As part of the math lesson study we are currently hosting, one of our grade 9 math teachers (Jon Hoyt-Hallet) recently shared his classroom with 10 teachers while students were working on the 'ice melt' problem.

Both this math problem, as well as the framework of Lesson Study we are using come to use from our PD with the Galileo Educational Network.

This math problem is a simple one: before class starts the teacher puts a handful of ice in a funnel dripping into a graduated cylinder. The cylinders are on tables before the students enter. A simple question is on the board:

"When did the ice start melting?"

Students can use a variety of approaches to solve the problem - eventually working back to time zero when the ice was placed into the funnel.

One of the nice elements of this problem is how it gets students directly into the problem - without relying on text for explanation.
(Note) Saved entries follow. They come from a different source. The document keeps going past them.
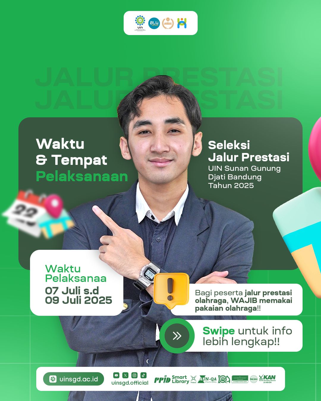 Jalur prestasi ini menjadi bukti nyata bahwa UIN Bandung terus berupaya mendorong mahasiswa yang memiliki keunggulan non-akademik agar dapat berkembang dan berkontribusi aktif di lingkungan kampus. Tidak hanya sebagai ajang seleksi, kegiatan ini juga menjadi wahana aktualisasi diri dan penguatan karakter calon mahasiswa baru.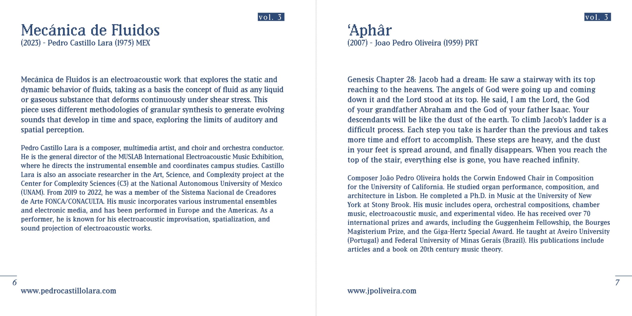 Pedro Castillo Lara is a composer, multimedia artist, and choir and orchestra conductor. He is the general director of the MUSLAB International Electroacoustic Music Exhibition, where he directs the instrumental ensemble and coordinates campus studies. Castillo Lara is also an associate researcher in the Art, Science, and Complexity project at the Center for Complexity Sciences (C3) at the National Autonomous University of Mexico (UNAM). From 2019 to 2022, he was a member of the Sistema Nacional de Creadores de Arte FONCA/CONACULTA. His music incorporates various instrumental ensembles and electronic media, and has been performed in Europe and the Americas. As a performer, he is known for his electroacoustic improvisation, spatialization, and sound projection of electroacoustic works. www.pedrocastillolara.com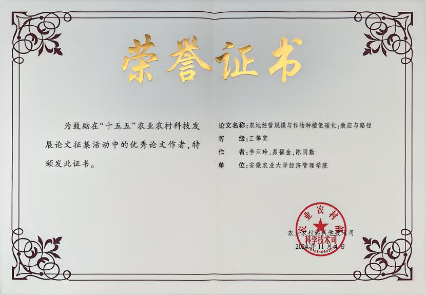 本网讯 近日,在中华人民共和国农业农村部 “十五五”农业农村科技发展论文征集活动中,公司李亚玲老师的研究成果《农地经营规模与作物种植低碳化:效应与路径》荣获三等奖。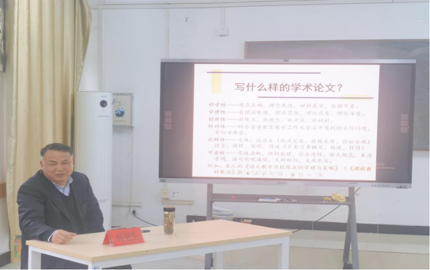 随后,何更生作题为《谈谈学科教学类学术论文写作》的专题分享。本次分享围绕学术论文写作与教学论文写作展开,何更生着重梳理介绍了该类论文写作的核心要点,阐明学科教学作为教育学的重要分支,覆盖语文教学、数学教学等多个研究领域;在此基础上,他逐一分析了该领域适配的论文撰写方向、论文发表的规范要求以及成功投稿的关键技巧,为一线教师开展论文写作与投稿发表提供了具有针对性的实用指导。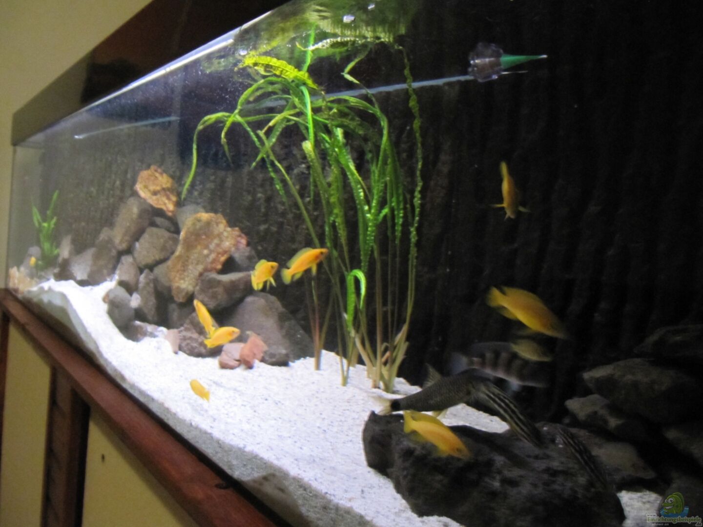 Die Steinaufbauten aus Mendiger-Basalt wurden natürlich bevor der Sand ins Becken gekommen ist aufgebaut, damit durch grabende Fische kein rutschen der Steinaufbauten verursacht wird!Es sind ca.65 kg Basaltsteine und zahlreiche ander Steine verwendet worden! Die Strukturrückwand von Juwel wurde ganz am Anfang an die Rückscheibe mit Silikon angeklebt um ein späteres aufsteigen zu vermeiden, da die platten einen sehr starken Auftrieb haben! In der linken Aquariumhälfte wurden ca. 120 [...]
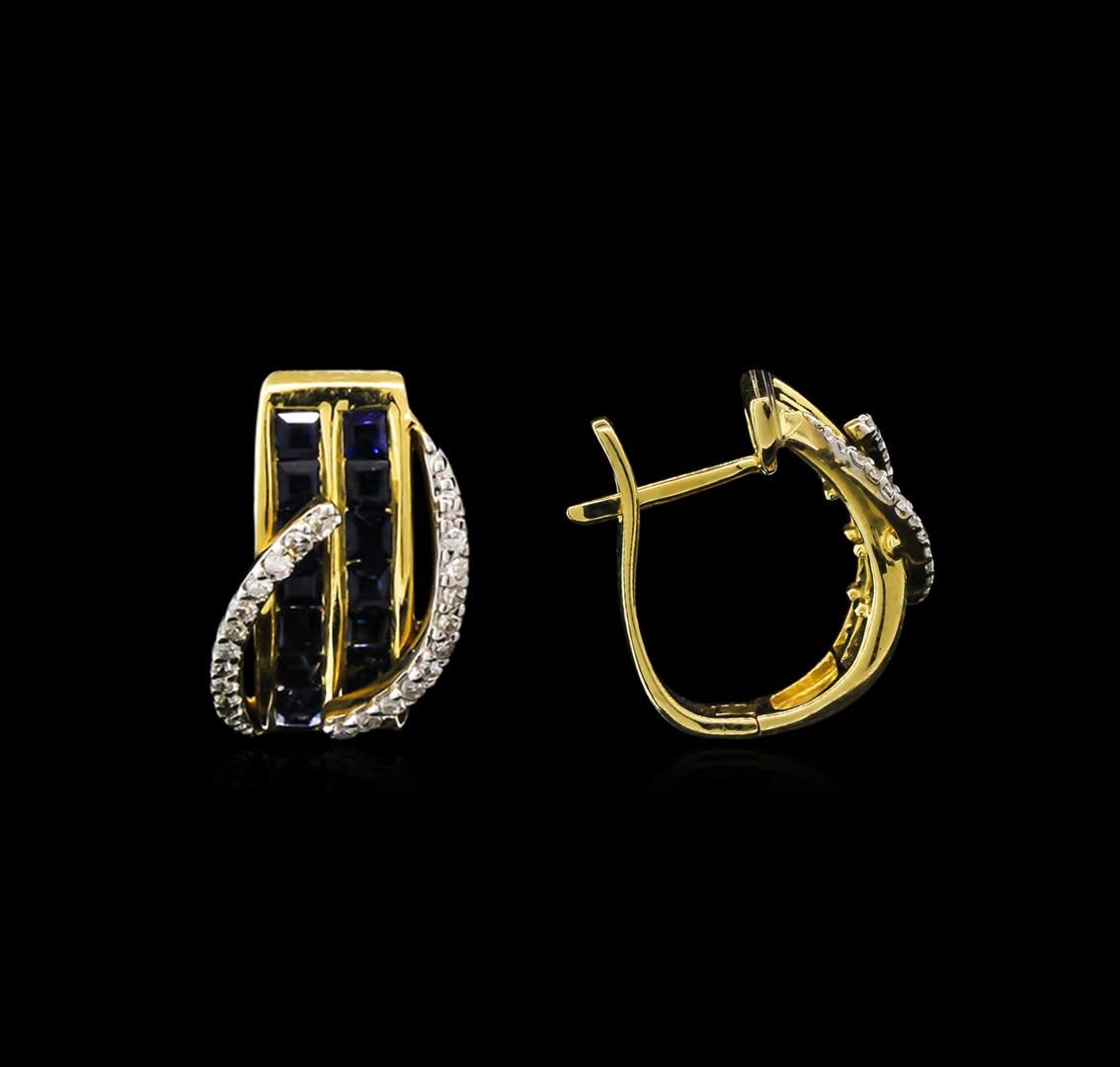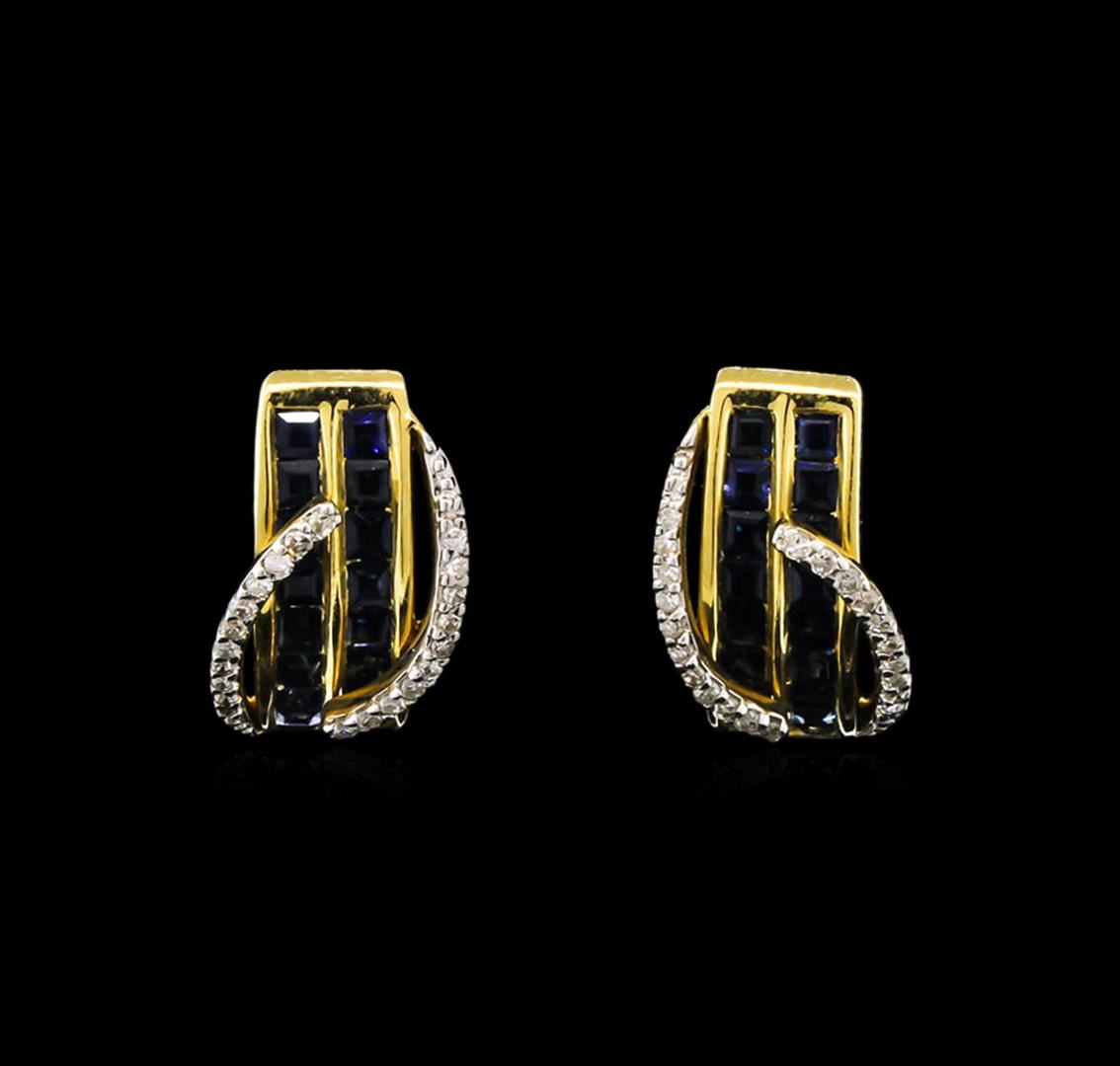 One pair of earrings featuring: 14KT yellow gold weighing 5.38 grams containing blue sapphires with a total weight of 2.27ct and diamonds with a total weight of 0.23ct.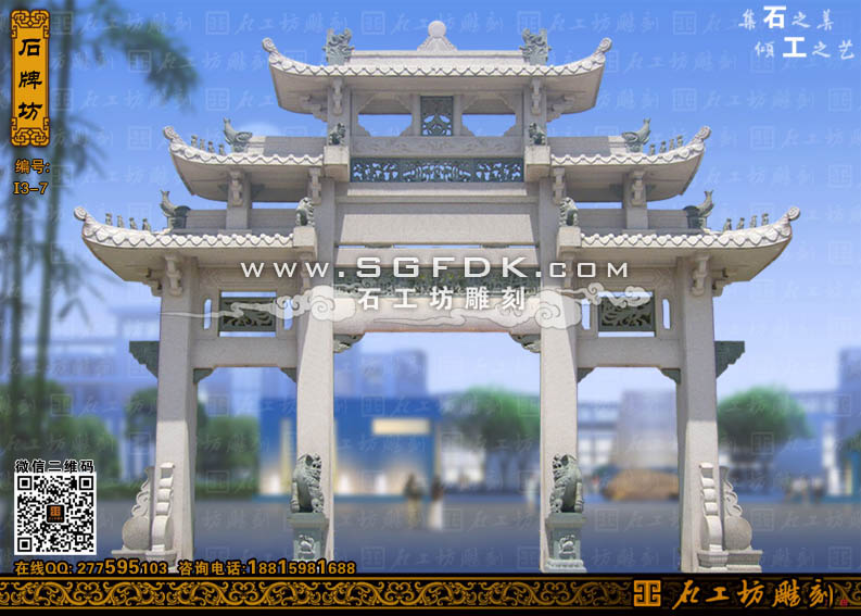石工坊雕刻工廠其它石牌坊:【單門石牌坊】 【立柱式牌坊】 【頂蓋式牌樓】 【大型石牌坊】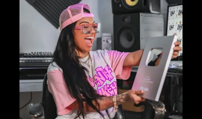 La carrera de Anyuri va subiendo como la espuma, y muestra de ello es que ya alcanzó los 100 mil suscriptores en su canal de YouTube y eso la hizo merecedora de su placa.
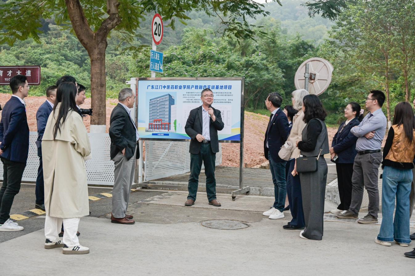 宣讲会结束后,与会嘉宾实地了解广东江门中医药职业学院产教融合实训基地项目。程文海校长详细介绍了项目建设规划、功能布局及未来在中医药人才培养、技术创新与社会服务中的战略定位,其中二楼规划为生命科学馆,建筑面积约800平方米,设立薛社普院士事迹展览馆,作为新生入学第一课及思政课重点教育基地。专家们对项目的前瞻性设计与产教深度融合理念给予高度评价,并就课程对接、科研协同、成果转化等方面提出了宝贵意见和建议。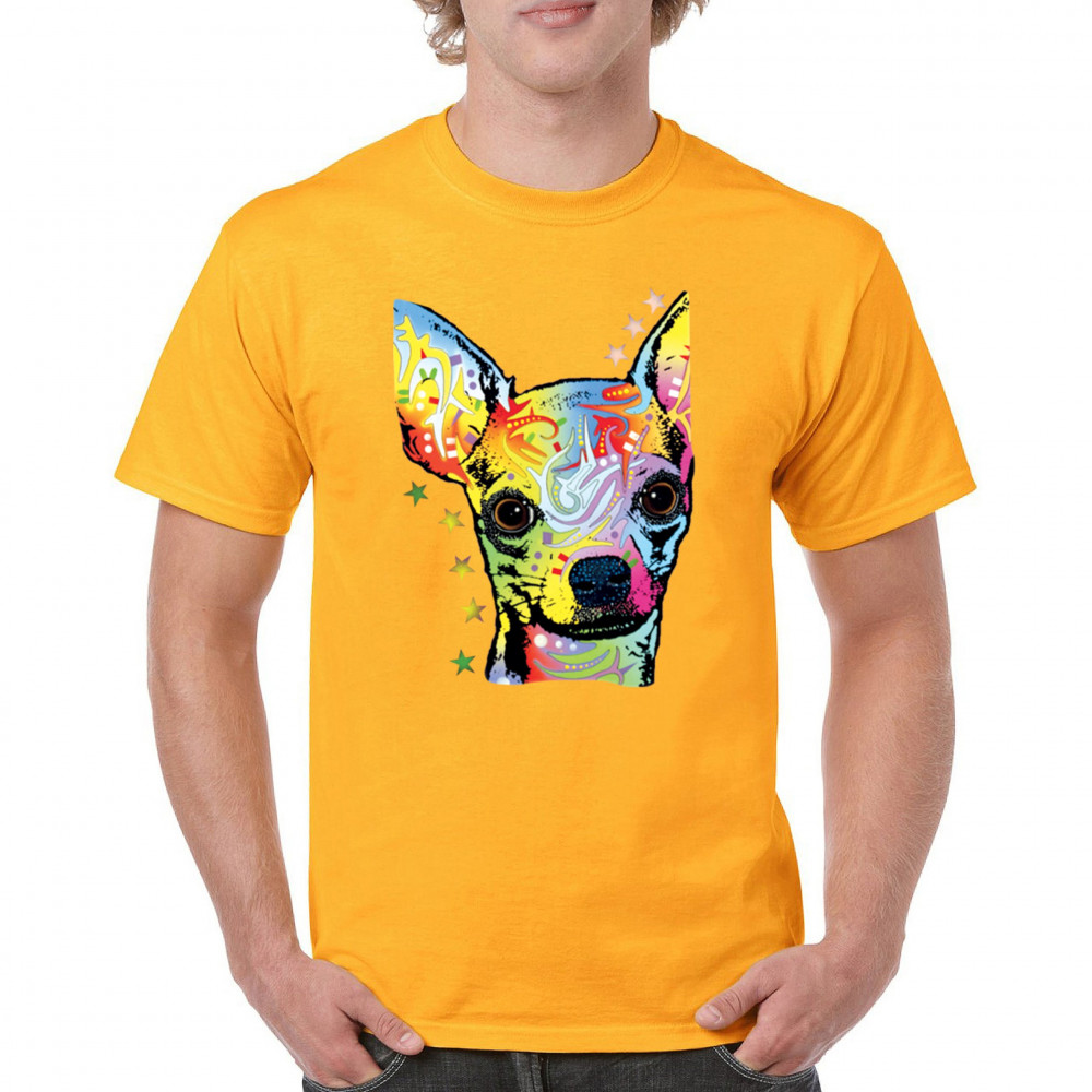 DEAN RUSSO CUTE CHIHUAHUA t-shirt neon colorful small dog pet men's tee yellow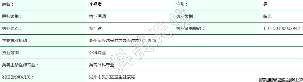主要執(zhí)業(yè)機(jī)構(gòu):湖州吳興曙光威茲曼醫(yī)療美容門(mén)診部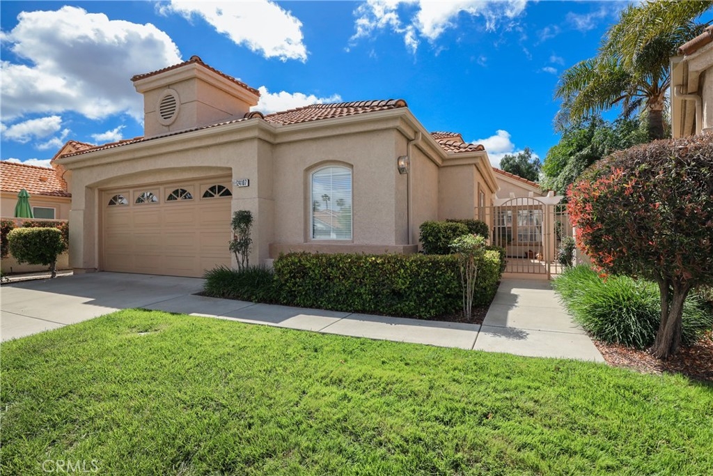 You will love this BEAUTIFUL HOME in a PREMIUM LOCATION in The Colony, one of SoCal's finest 55+ GATED communities. You have wide open space behind you that OVERLOOKS the GOLF COURSE with a POND VIEW so you can watch the golfers & the geese from your covered patio. A large gated entry courtyard welcomes you to this one-of-a-kind floorplan. There is a living room which shares a see-through fireplace with the family room. The open concept kitchen features stainless steel appliances with a built-in desk, an eating nook & you also have a formal dining room. The primary bedroom is very spacious with a large walk-in closet and adjoining bathroom. The guest bedroom also has a bath nearby. The PATIO is so INVITING with VIEWS of swaying palm trees near the entry gate, the golf course & the mountains in the distance. There is lots of space on the side of the home with another patio & easy care landscaping. The exterior was painted in 2020. HVAC system is updated. Water heater NEW in 2020. Wrought iron fence NEW in 2019. Indoor laundry room. This great location is very near the SPECTACULAR CLUBHOUSE with a YEAR-ROUND POOL, 2 spas, PICKLE BALL / paddle tennis, tennis, bocce and a huge outdoor eating area around the pool. The clubhouse features a gym, library, card rooms, billiards, ping pong & a convenient hair/nail salon. The huge AUDITORIUM hosts shows, concerts, dances, banquets, movies & PARTIES FOR ALL OCCAISIONS. HOA waters & maintains all front yards. Guarded gate & 24 hour patrol add to your security & peace of mind. Call today to start your life of RESORT STYLE SENIOR LIVING.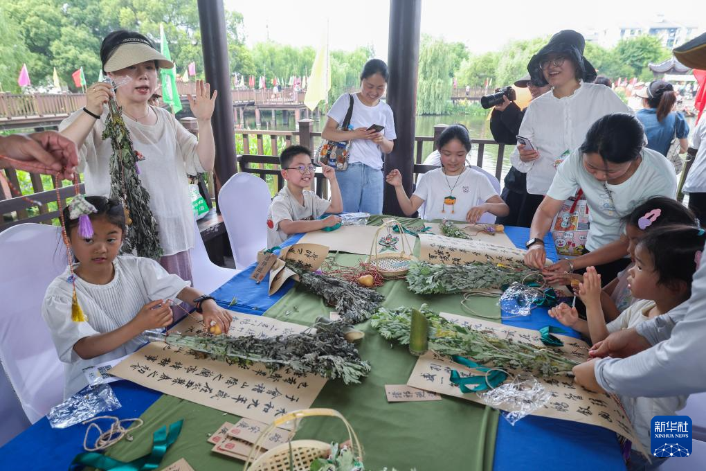 5月25日,在東林鎮(zhèn)泉益村活動現(xiàn)場,村民在做端午艾草花束。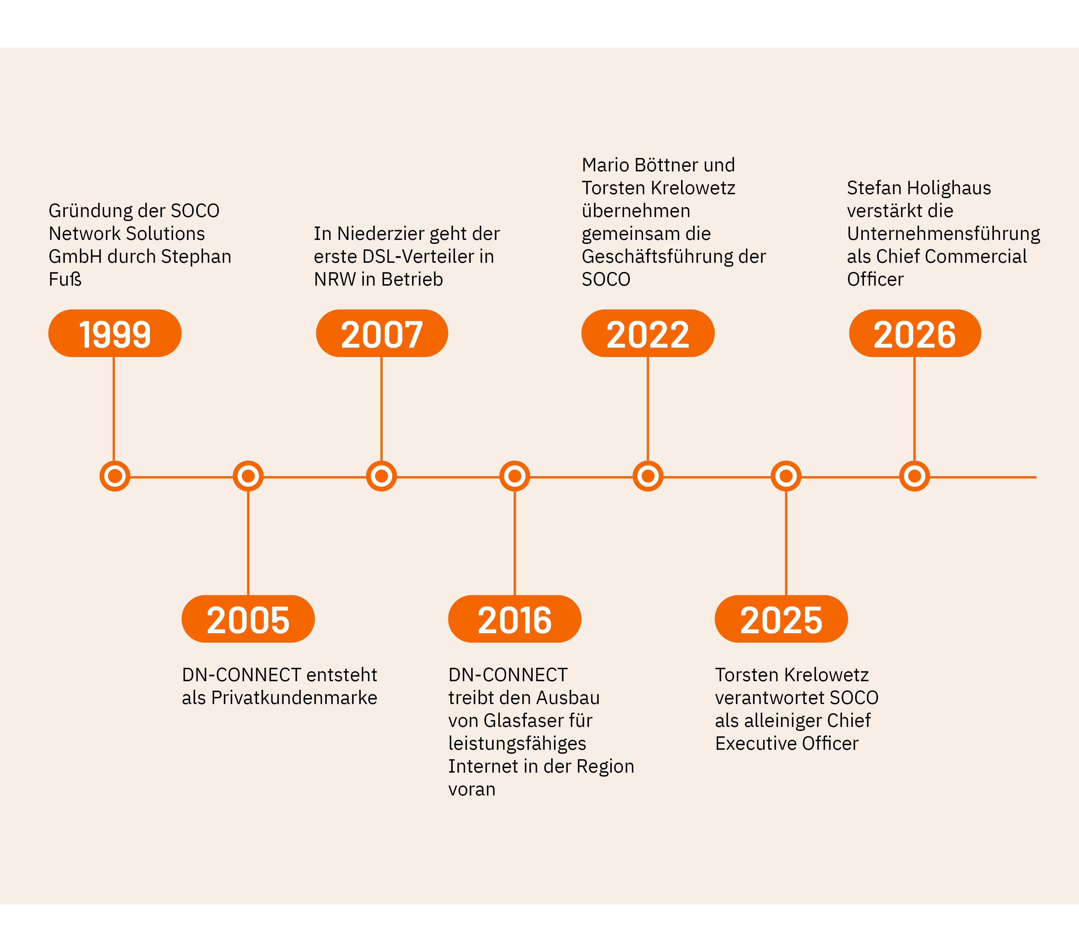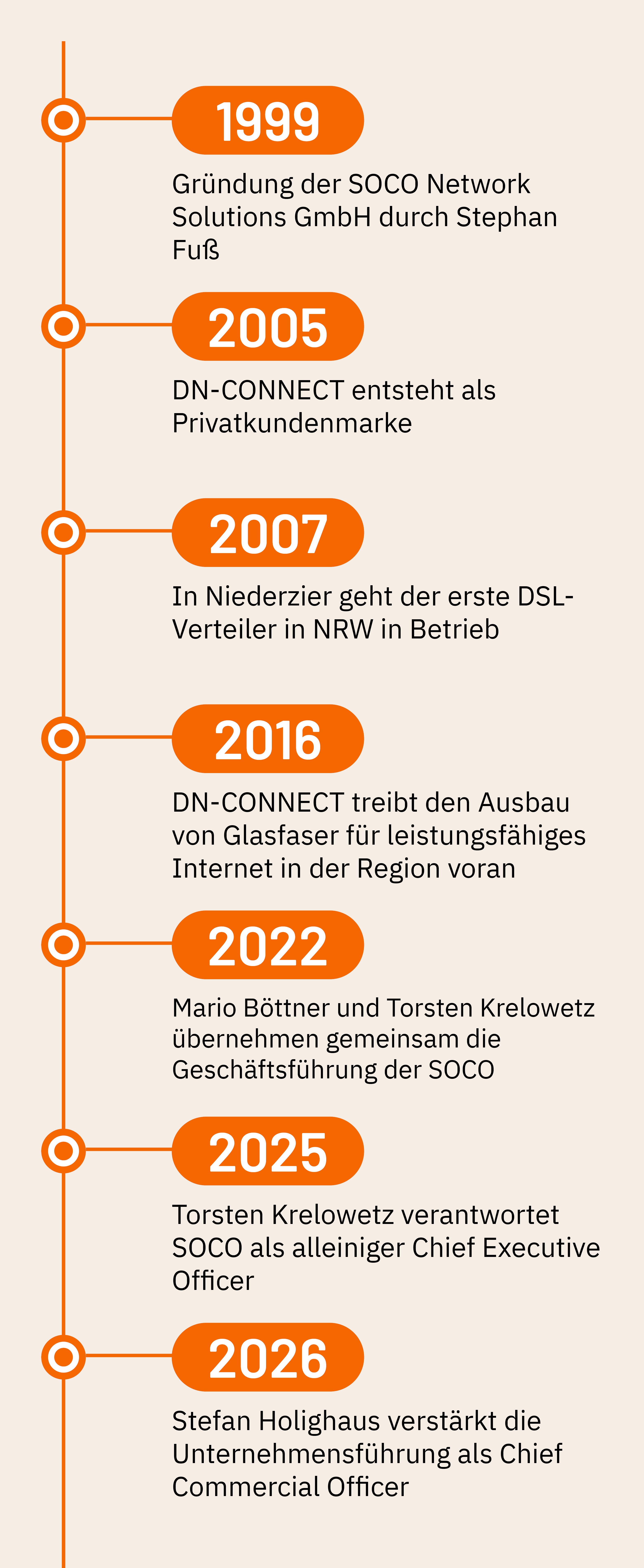 Seit 1999 arbeitet die SOCO Network Solutions GmbH daran, den Kreis Düren mit leistungsfähigem Internet zu versorgen. Was mit der Gründung durch Stephan Fuß begann, wurde 2005 mit der Privatkund/innenmarke DN-CONNECT sichtbar. Vom ersten eigenen DSL-Verteiler in Niederzier bis zum konsequenten Glasfaserausbau für Gigabitinternet zeigt unsere Historie, wie wir Städte und Dörfer in der Region Schritt für Schritt digital voranbringen.

Watch the students work through the problem and then share their ideas for critique:

Ice Melt Problem:
Adapted by Martina Metz from Wise, D.U. (1990). Using melting ice to teach radiometric dating. In Journal of Geological Education (38), 38-40, 69.


Piers Young said...

I love this - especially (as you say) the not relying on text for explanation to get started. And what a great bunch of students! Did any think the rate might not be constant?
Going to steal it to try out with my class. Thanks for posting it.

Jon Hoyt-Hallett said...

Hi Piers - thanks for the comment. You're right, the rate may not be constant and in fact, I've had a few kids try to prove this - it is a great way to extend the problem for those students who need the extra challenge!!